Problem statement. Print all entries below exactly, without images.
■ ■ ■ ■
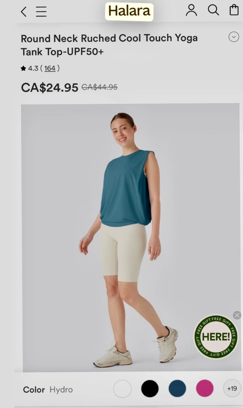 Two New Halara Round Neck Ruched Cool Touch Yoga Tank Tops
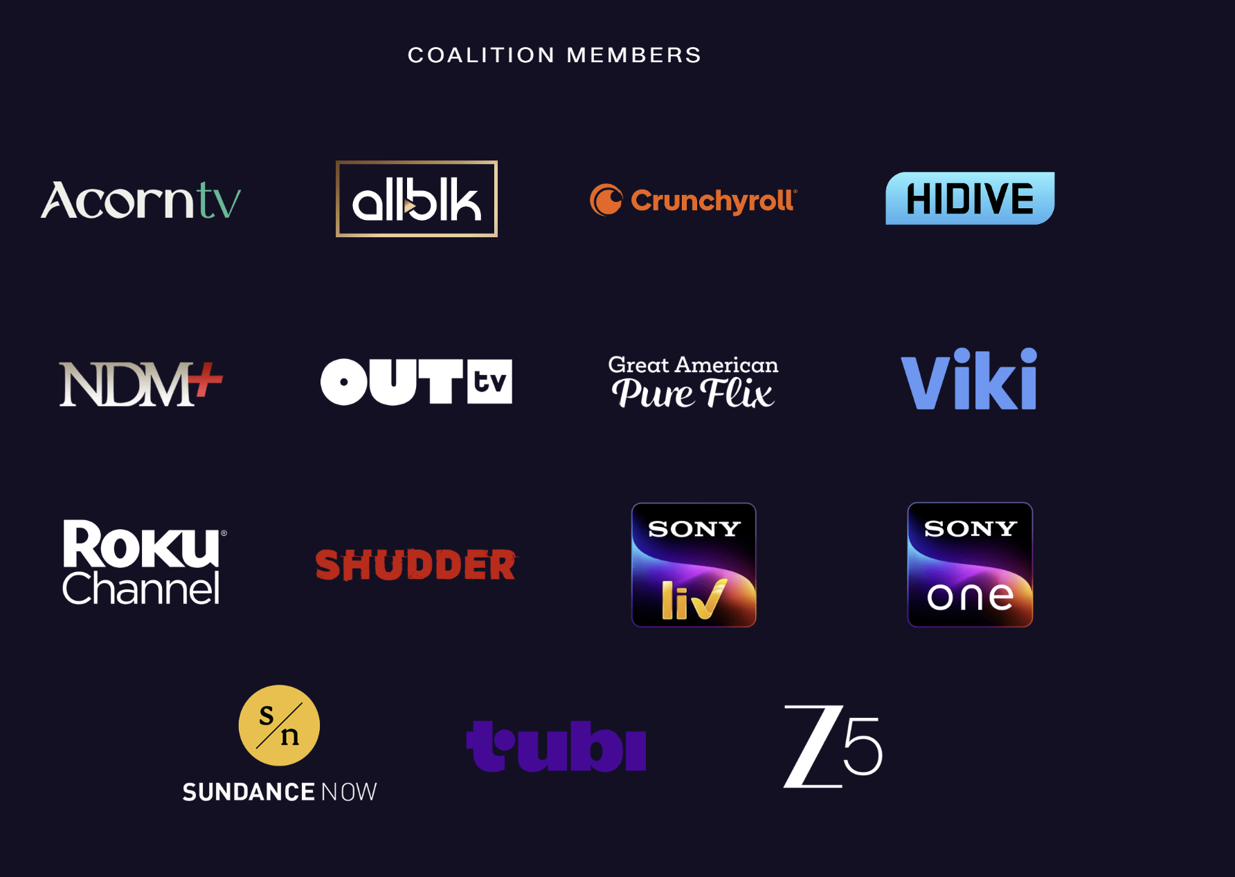 이번 연합에는 일본 애니메이션의 글로벌 유통을 견인하는 크런치롤(Crunchyroll), 월간 활성 이용자 1억 명 규모의 무료 광고 기반 스트리밍 TV FAST 투비(Tubi), 특화 콘텐츠와 엔터테인먼트 테크의 상징 로쿠(Roku) 채널 등은 물론, 영국 드라마 전문 아르콘TV(Acorn TV), 흑인 콘텐츠 중심 ALLBLK, 호러 특화 슈레더(Shudder,0 독립 영화 플랫폼 선댄스 나우(Sundance Now,) 인도·필리핀·아시아 시장의 소니리브(SonyLiv),지5(Zee5), NDM+, K-콘텐츠·아시아 드라마 글로벌 유통 거점 라쿠텐 비키(Rakuten Viki) 등 각 대륙과 장르별 대표적인 스트리밍 서비스들이 대거 참여하고 있다.
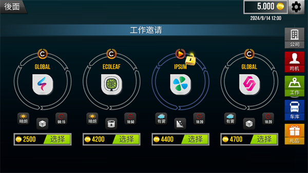 4、选择巴士完成后玩家们就可以接受工作邀请进行挑战了,点击即可进入挑战。
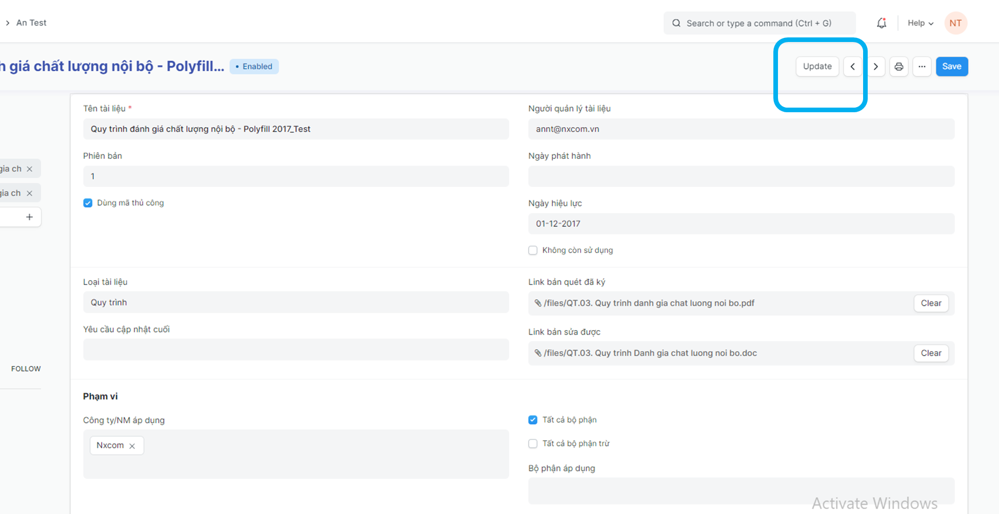 Hoặc từ giao diện của tài liệu có sẵn: Bấm vào nút Update
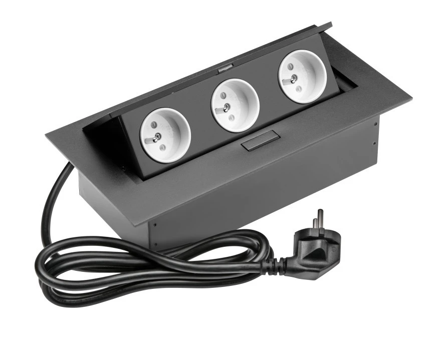 Przedłużacz biurkowy 3x gniazdo z uziemieniem, kabel zasilajacy z wtyczką, czarny
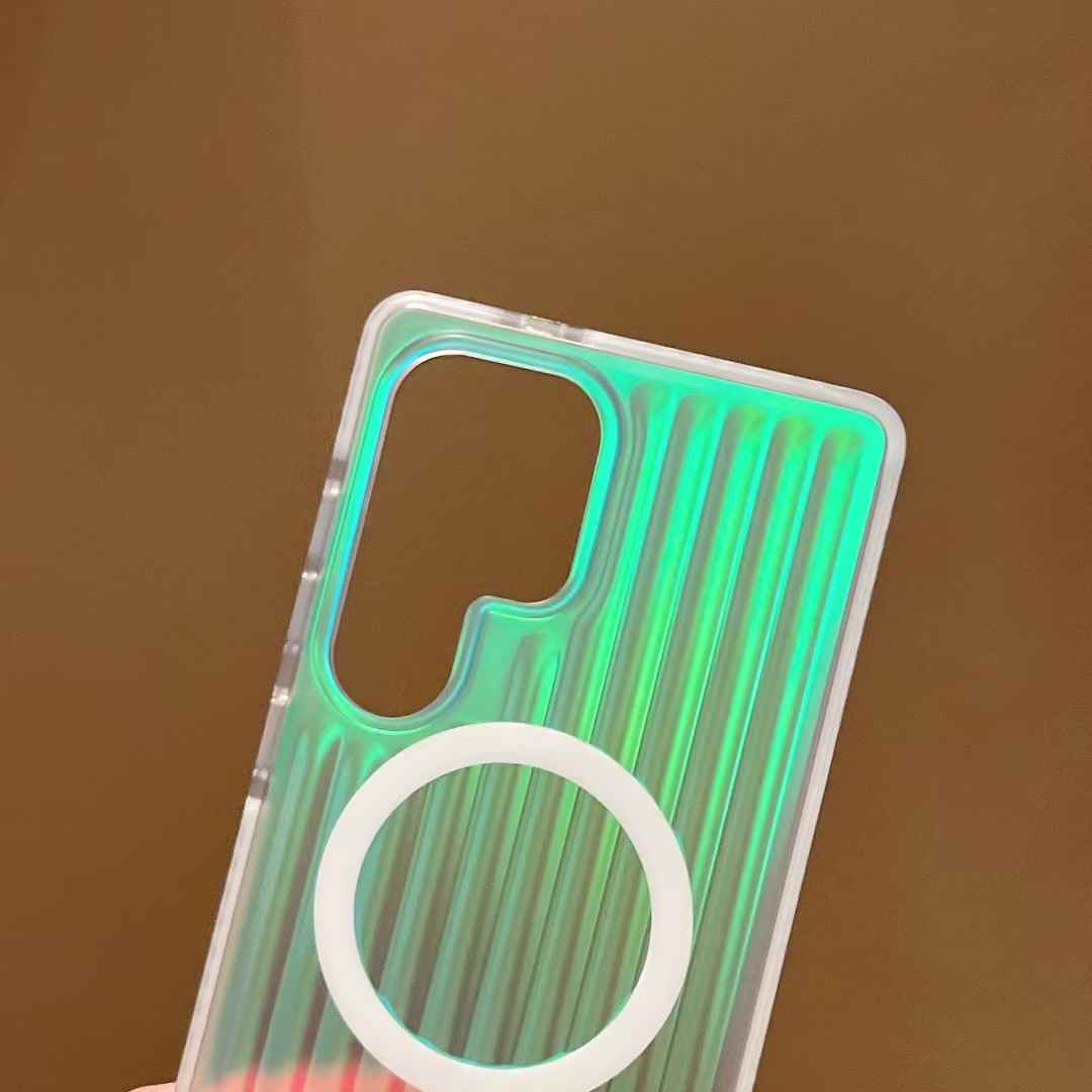 Transparent Gradient Corrugated Grille Suitcase Strong Magnetic Hard Polycarbonate Shockproof Phone Case with Bumper Strip for Samsung S25Ultra Matte Frozen Fog Full Cover
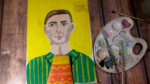 Как нарисовать портрет папы и сделать галстук из оригами
■ ■ ■ ■
Task result.
 Two New Halara Round Neck Ruched Cool Touch Yoga Tank Tops
 이번 연합에는 일본 애니메이션의 글로벌 유통을 견인하는 크런치롤(Crunchyroll), 월간 활성 이용자 1억 명 규모의 무료 광고 기반 스트리밍 TV FAST 투비(Tubi), 특화 콘텐츠와 엔터테인먼트 테크의 상징 로쿠(Roku) 채널 등은 물론, 영국 드라마 전문 아르콘TV(Acorn TV), 흑인 콘텐츠 중심 ALLBLK, 호러 특화 슈레더(Shudder,0 독립 영화 플랫폼 선댄스 나우(Sundance Now,) 인도·필리핀·아시아 시장의 소니리브(SonyLiv),지5(Zee5), NDM+, K-콘텐츠·아시아 드라마 글로벌 유통 거점 라쿠텐 비키(Rakuten Viki) 등 각 대륙과 장르별 대표적인 스트리밍 서비스들이 대거 참여하고 있다.
 4、选择巴士完成后玩家们就可以接受工作邀请进行挑战了,点击即可进入挑战。
 Hoặc từ giao diện của tài liệu có sẵn: Bấm vào nút Update
 Przedłużacz biurkowy 3x gniazdo z uziemieniem, kabel zasilajacy z wtyczką, czarny
 Transparent Gradient Corrugated Grille Suitcase Strong Magnetic Hard Polycarbonate Shockproof Phone Case with Bumper Strip for Samsung S25Ultra Matte Frozen Fog Full Cover
 Как нарисовать портрет папы и сделать галстук из оригами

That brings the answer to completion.